McKinsey and Company named a technique for breaking down a quantitative problem into its component parts called the MECE principle. MECE means "Mutually Exclusive and Collectively Exhaustive". Each layer can be broken down into its components; each of the sub-components must be mutually exclusive of each other and collectively add up to the layer above them. For example, profit by definition can be broken down into total revenue and total cost.

Analysts may use robust statistical measurements to solve certain analytical problems.

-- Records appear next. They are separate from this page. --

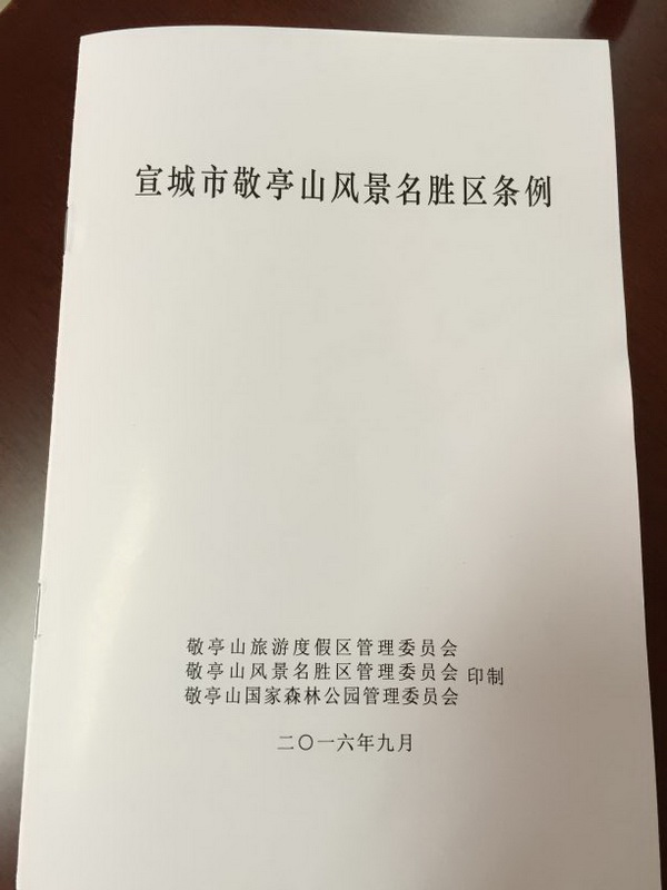 会议指出,《条例》于2016年5月31日经宣城市第三届人民代表大会常务委员会第三十四次会议通过,2016年7月29日经安徽省第十二届人民代表大会委员会第三十一次会议批准,《条例》自2016年10月1日起施行。《条例》对景区的规划建设、保护、管理法律责任等作出了明确规定,它的出台标志着景区的保护管理工作纳入规范化、法制化轨道,对敬亭山风景区保护与管理具有里程碑的意义。
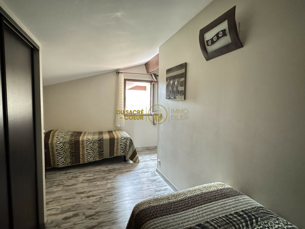Au sein d’un ensemble immobilier édifié en 2012, cet appartement T3 en duplex de 74.09m2 loi carrez + Place de Parking propose des prestations modernes et un confort appréciable. Dès l’entrée, vous découvrirez un spacieux séjour avec coin cuisine aménagé et entièrement équipée climatisé ainsi qu’un w.c indépendant, a l’étage vous découvrirez deux chambres au beau volume avec placard le tout agrémenté d’une salle d’eau avec w.c. Les menuiseries en PVC double vitrage assurent une bonne isolation thermique et phonique, complétées par des volets traditionnels électriques pour plus de praticité au quotidien.
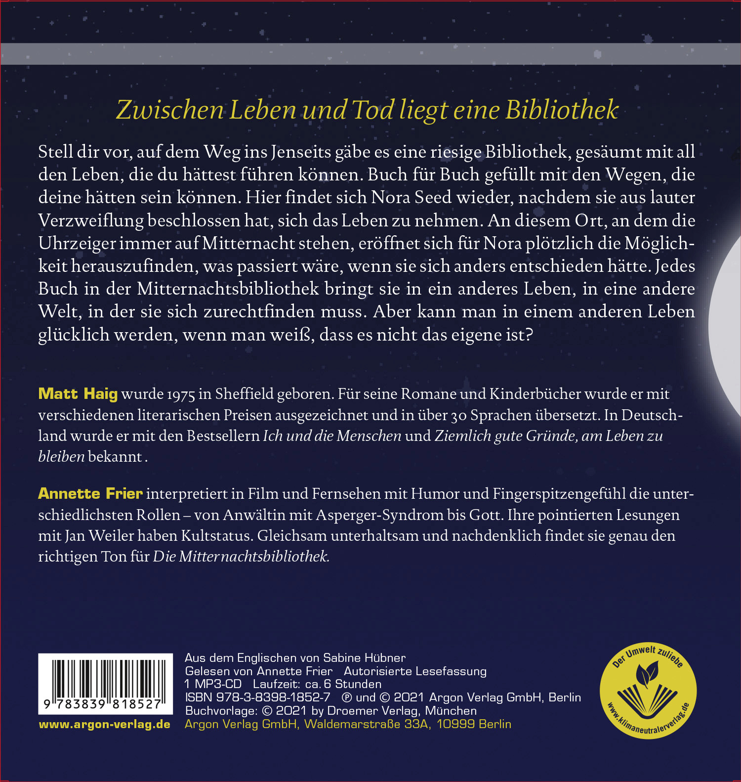| Schlagworte | Bestseller-Autor • Bibliophilie • Bibliothek • #BookTok Bestseller des Jahres • #BookTok Bestsellerliste 2023 • Depression • Jenseits • Magische Bücher • magische Hörbücher • Mental Health • Romane Liebe • Selbstfindung • Selbstmord • Shortlist BookTok Bestseller des Jahres 2023 • Sinnsuche Roman • spiegel bestseller • Spiegel Bestseller 2022 • Spiegel Bestseller 2023 • Spiegel Bestsellerliste 2022 • Suizid • tiefgründige Romane • Tod • Was wäre wenn • What If |
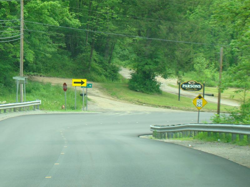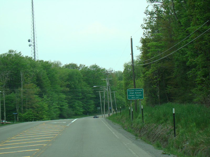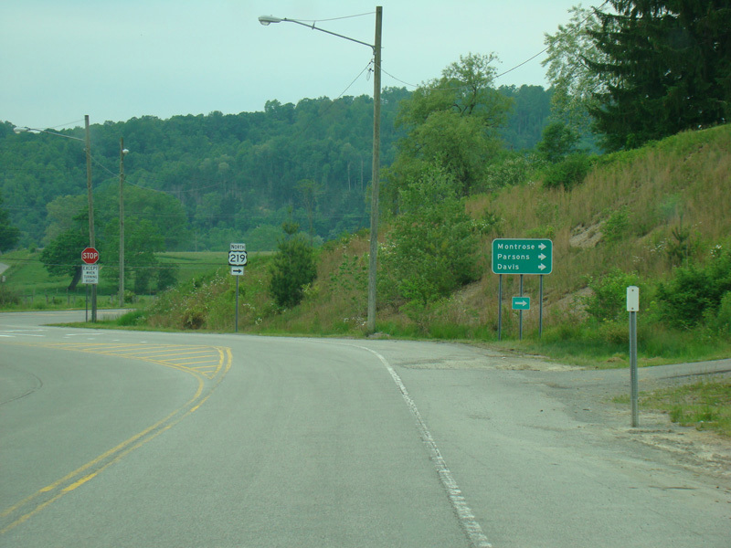 US 219 takes over Corridor H in Elkins where US 33 splits off from it. Gilman Road (CR 1) begins on the left at an uncontrolled at-grade intersection.
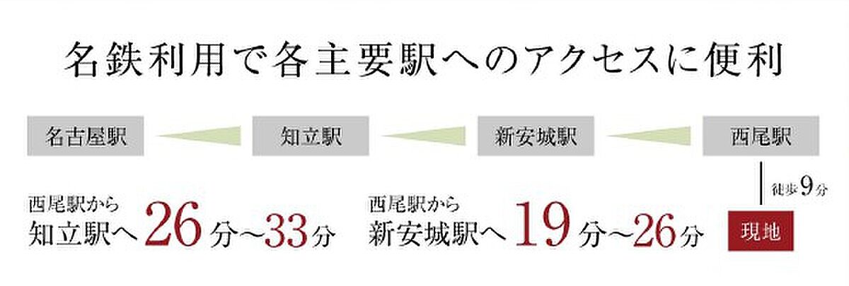 名鉄西尾線「西尾」駅まで徒歩9分。名古屋駅、知立駅など主要駅へのアクセス良好で通勤・通学に便利!
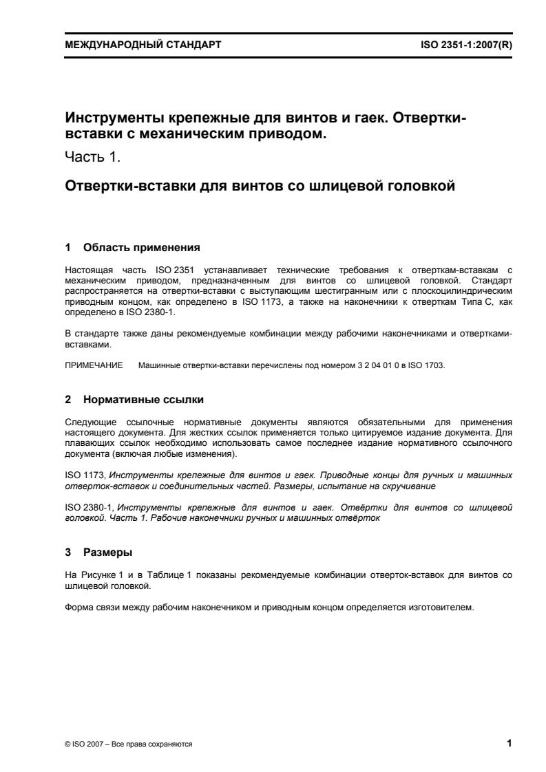 ISO 2351-1:2007 - Assembly tools for screws and nuts -- Machine-operated screwdriver bits
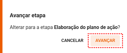 Ao escolher a etapa para a qual deseja mover a ocorrência, será exibida uma janela solicitando a confirmação da alteração clicando em "Avançar".

Hypothesis testing is used when a particular hypothesis about the true state of affairs is made by the analyst and data is gathered to determine whether that hypothesis is true or false. For example, the hypothesis might be that "Unemployment has no effect on inflation", which relates to an economics concept called the Phillips Curve. Hypothesis testing involves considering the likelihood of Type I and type II errors, which relate to whether the data supports accepting or rejecting the hypothesis.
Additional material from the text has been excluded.